Is the knod with the gibbs locked? It is a temporary fix shimming the head as noted, usual wear is nod of the head toward the column so shim would be on the bottom pushing the head out. I would probably use some brass shim stock if trying that approach and assume the head is not swiveled. I also would check the gibbs, and maybe tighten them up if a bit if loose. They eventually will wear on the lower part due to the weight of the head, people that adapt these types of mills for CNC usually add some form of head counter balance system but not for manual milling.


----------



## svideo (Sep 19, 2021)

The Z column travel is locked while I'm taking measurements with the handle visible in the picture above.  The manual makes the same note about wear usually resulting in nod heading in the opposite direction.  In my case, the mill was like this at first setup which makes me think it's probably not a wear issue (coupled with the fact that it hasn't seen a heck of a lot of use yet).

I suppose one solution would be to use it for many years until that wear pattern happens 

The brass shims sound like a good idea, I've ordered a set from the big river which should be here tomorrow, thanks for the tip @mksj!


----------



## davidpbest (Sep 19, 2021)

First I recommend you watch a video I made about checking the tram.   There are two aspects to this:  1 - does the head move up/down perpendicular to the XY table, and 2) does the quill move up/down perpendicular to the XY table.  You have to check both component movements for NOD and for TILT.  Here's the video:  






Now, some comments on how to correct the tram.
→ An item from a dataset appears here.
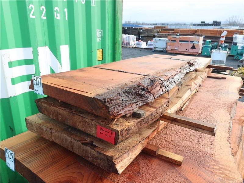 LOT, (3) 2-1/2" 2-YEAR AIR DRY LIVE EDGE REDWOOD SLABS AT APPROX 60", 98" & 99" LENGTHS
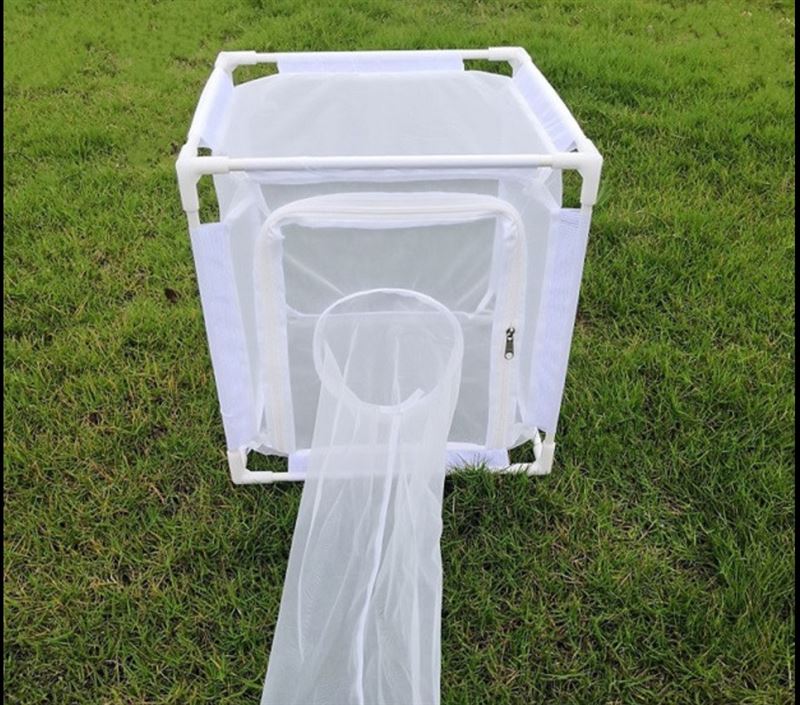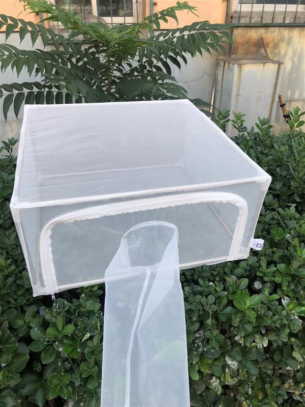 高强度玻璃纤维杆边,单根0.5米,套管拼接,底面1*1米,高度0.5米,三通拼接,底面纱罩漏空,配袖笼,纱网眼120目。

First, make sure the gib between the head sliding base (head saddle) and the column dovetail ways is properly fitted and adjusted. Many of these Asian-built machines have gibs that are not flat and not properly fitted. Remove the gib, clean it, stone it, remove any burrs and check that the surfaces the ride against the dovetail ways on both the head saddle and the column are flat. If your gib is shaped like a banana, you will continuously get inconsistent results when you reposition the head.
Next, make sure you use the head locking levers consistently when repositioning the head. If you have a well fitted and adjusted gib, that will eliminate most (but not all) of the slop in the head-to-column connection, and you could possibly get away with leaving the levers loose enough to move the head without effort and still maintain reasonable consistency of registration when the head is moved up/down. In most cases, best practices will be to always tighten down the locking levers when the head is re-positioned. Locking the levers is best practice at attaining consistent alignment of the head in both NOD and TILT. Locking the levers will also significantly improve the rigidity of the machine when milling.
The next step is to tram the column such that the head moves up/down perpendicular to the XY table. Use the technique outlined in the video to make the checks. Any required correction to bring the column into tram by adding shims between the base of the column and where it bolts to the mill base. You'll have to break that seal, get both surfaces cleaned up first, then by trial-and-error start fitting shims and securing the mounting bolts between each check for proper head movement along the column. Be sure to check and correct for alignment in both the X and Y directions. (Be prepared to employ shims as thin as a cigarette wrapping paper to get this alignment properly adjusted. I have found it helpful to have a collection of really thin brass shim stock on hand for this with thicknesses between 1 and 10 tenths. _*Here is*_ one example.  But you can also use flattened soda can material, aluminum foil and even cigarette papers. This process is tedious and time consuming, but worth the effort. Poor column tram will mean your cutting tool will change position when the head is re-positioned, often by a few thousandths of an inch or maybe more. *Here is* a video that goes through the process. )
The final step is to get the quill movement aligned perpendicular to the XY table. The TILT aspect of this is straight forward, since you can loosen the bolts that secure the head to its sliding base (saddle), then tapping in the tilt and re-securing the mounting bolts. (A spindle tramming square like the _*Edge Technologies Pro-Tram*_ can be helpful for this, but there are other methods as well. I prefer using the Noga Centering NF holder *NF1018* with a test indicator with 0.0005" resolution, since the Noga has more utility than just tramming the head, and you'll want a DTI with that level or resolution for other purposes anyway.)
If the quill movement is not perpendicular to the XY table (has evidence of NOD), that can only be corrected by shimming (or scraping the interface) between the head and its sliding base (head saddle) in a trial/error method, similar to shimming the column.
Hope this helps.


----------



## addertooth (Sep 19, 2021)

svideo,
On an unrelated notation:  Wow, your mill is clean!


----------



## svideo (Sep 20, 2021)

@davidpbest - man that's a helpful reply!  Just what I needed, thanks friend!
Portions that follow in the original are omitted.